The most consistent predictive factor for postoperative endodontic pain is the presence of preoperative hyperalgesia.19 Ali et al20 showed that postoperative pain was present in 54.5% of patients treated. A common mistake made by clinicians when managing endodontic pain is prescribing drugs posttreatment without critically assessing if they are pharmacologically treating inflammation and/or infection. Fouad et al21 found that antibiotics do not have an analgesic effect on odontogenic inflammatory pain. A clinical guide for determining inflammation and/or infection is the pretreatment endodontic and periradicular diagnosis. If the treatment diagnosis is irreversible pulpitis with or without symptomatic apical periodontitis, this is strictly inflammation and anti-inflammatory agents — nonsteroidal anti-inflammatory drugs (NSAIDs), for example — are the medication of choice.

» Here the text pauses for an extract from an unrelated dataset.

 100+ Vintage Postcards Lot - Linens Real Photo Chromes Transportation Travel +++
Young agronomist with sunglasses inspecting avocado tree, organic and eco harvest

A significant reduction in odontogenic pain from inflammation can be seen from taking 400 to 800 mg of ibuprofen.22 Tagger et al23 found that ibuprofen sodium dihydrate provided faster pain relief than ibuprofen acid. For patients with odontogenic-type inflammation, administering a combination of ibuprofen and acetaminophen can help manage pain.24 Acetaminophen alone or in combination with an opioid (e.g., hydrocodone) is a good alternative analgesic in patients who cannot take NSAIDs.6

There will be cases in which NSAIDs do not relieve a patient’s odontogenic postoperative pain. Although opioids are commonly prescribed in these scenarios, clinicians may prescribe dexamethasone, a synthetic adrenocortical steroid.25 If there is an odontogenic infection, a patient should be placed on an antibiotic, too, because steroids can block or mask the body’s response to infection.

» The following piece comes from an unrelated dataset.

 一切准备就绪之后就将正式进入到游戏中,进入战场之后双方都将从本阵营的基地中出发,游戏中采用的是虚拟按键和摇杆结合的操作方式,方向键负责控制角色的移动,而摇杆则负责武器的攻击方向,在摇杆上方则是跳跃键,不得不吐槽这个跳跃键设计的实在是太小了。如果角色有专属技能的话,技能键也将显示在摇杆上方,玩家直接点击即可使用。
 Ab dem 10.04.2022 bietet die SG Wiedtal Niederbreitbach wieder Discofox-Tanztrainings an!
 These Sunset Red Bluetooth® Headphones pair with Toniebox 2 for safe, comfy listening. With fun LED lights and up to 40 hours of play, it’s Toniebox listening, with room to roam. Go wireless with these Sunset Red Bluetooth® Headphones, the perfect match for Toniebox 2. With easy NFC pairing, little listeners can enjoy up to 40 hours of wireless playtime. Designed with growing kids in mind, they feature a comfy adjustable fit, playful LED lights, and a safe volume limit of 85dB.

The trend in prescribing antibiotics is as adjunctive treatment to conventional or surgical endodontic therapy. This adjunctive antibiotic treatment may be necessary to prevent the spread of infection, in acute apical abscesses with systemic involvement, and in progressive, persistent infections.26 Systemic involvement in clinical infection can appear as fever, swelling, malaise, compromised airway, cellulitis and/or a medically compromised patient.

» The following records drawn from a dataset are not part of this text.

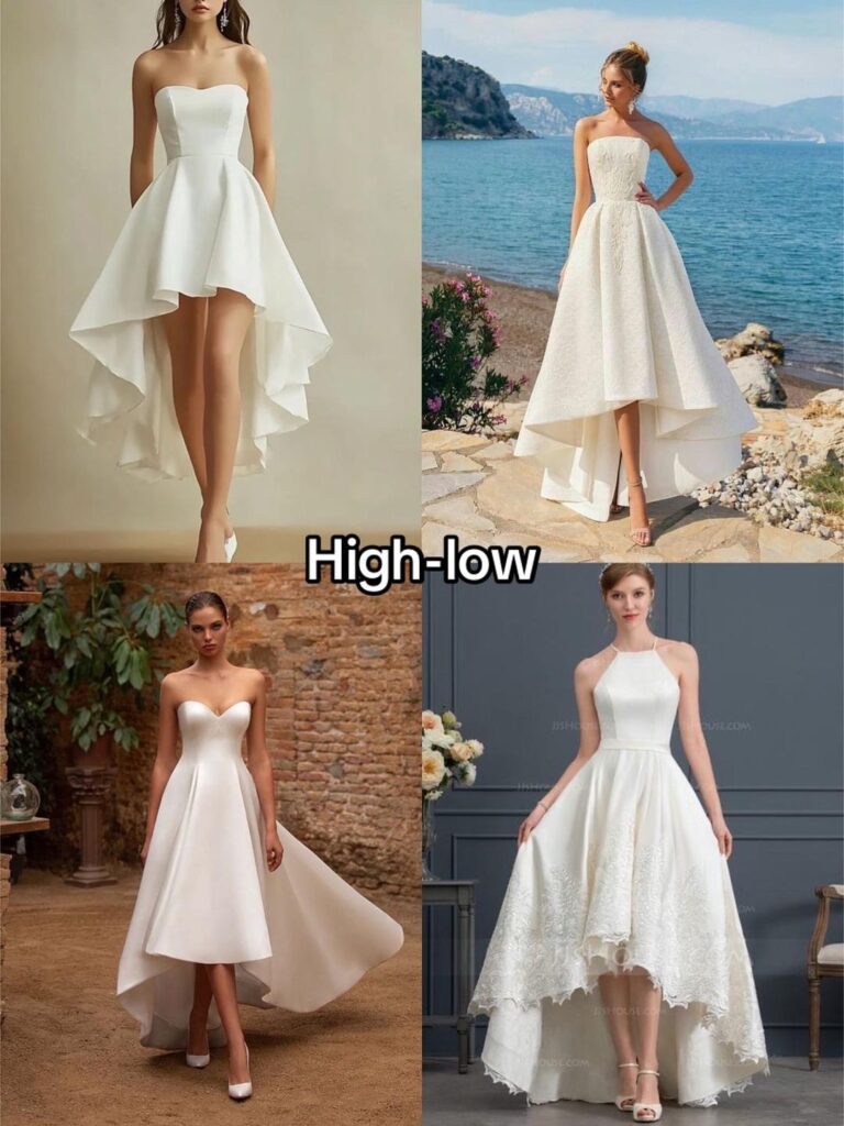 This style is perfect for beach weddings, chic garden ceremonies, or even as a fun reception look. The high-low gowns in the image mix edge with elegance—think sweetheart necklines, structured fabrics, and that dramatic flow in the back. Oh, and bonus: no tripping over your hem walking down the aisle. Total win!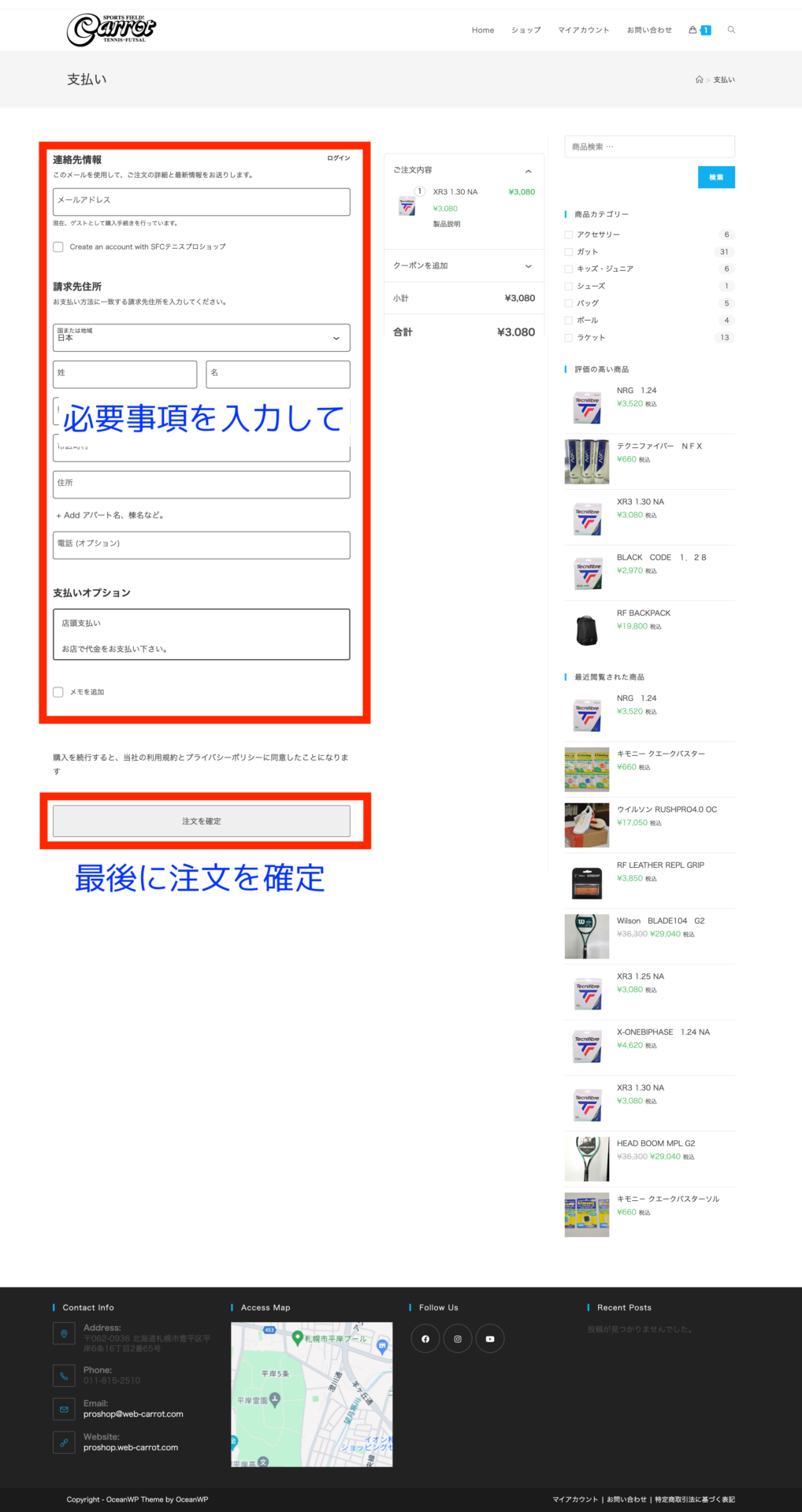 - ゲスト購入、または会員初回登録時には、画像にある必要事項を入力して、最後に注文を確定する。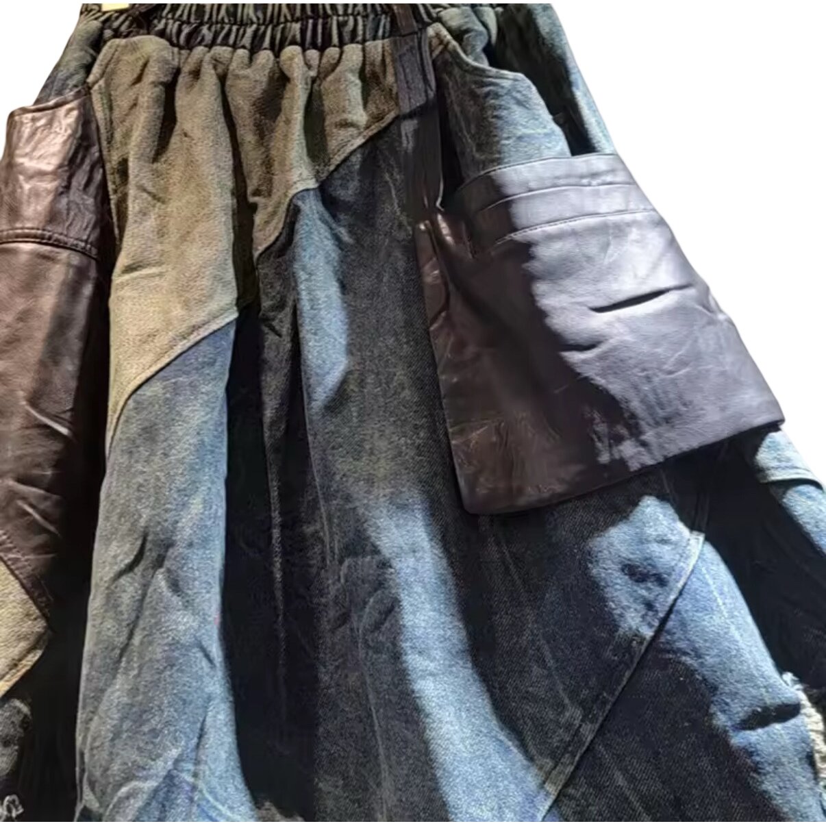 A statement piece engineered at the intersection of utilitarian streetwear, post-industrial fashion, and handcrafted deconstruction, the Deconstructed Nomad Drop-Crotch Denim Trousers redefine contemporary silhouette and texture.

Penicillin V potassium (Pen VK) is the antibiotic of choice for endodontic infections.27 It has been demonstrated that its spectrum of antimicrobial activity includes many of the bacteria that have been isolated in endodontic infections.28 However, amoxicillin and clavulanic acid are indicated for the treatment of immunocompromised patients who may have odontogenic infections containing nonoral bacteria.28

For patients who are allergic to penicillin/amoxicillin or if penicillin/amoxicillin has been ineffective, clindamycin is the second antibiotic of choice. It is beta-lactamase resistant (unlike Pen VK) and has a good spectrum against gram-positive and gram-negative bacteria.29 Another option for clinicians is to add metronidazole along with Pen VK, which has a narrow therapeutic spectrum against obligate anaerobic bacteria.30 However, metronidazole should not be prescribed alone, but used in combination with Pen VK.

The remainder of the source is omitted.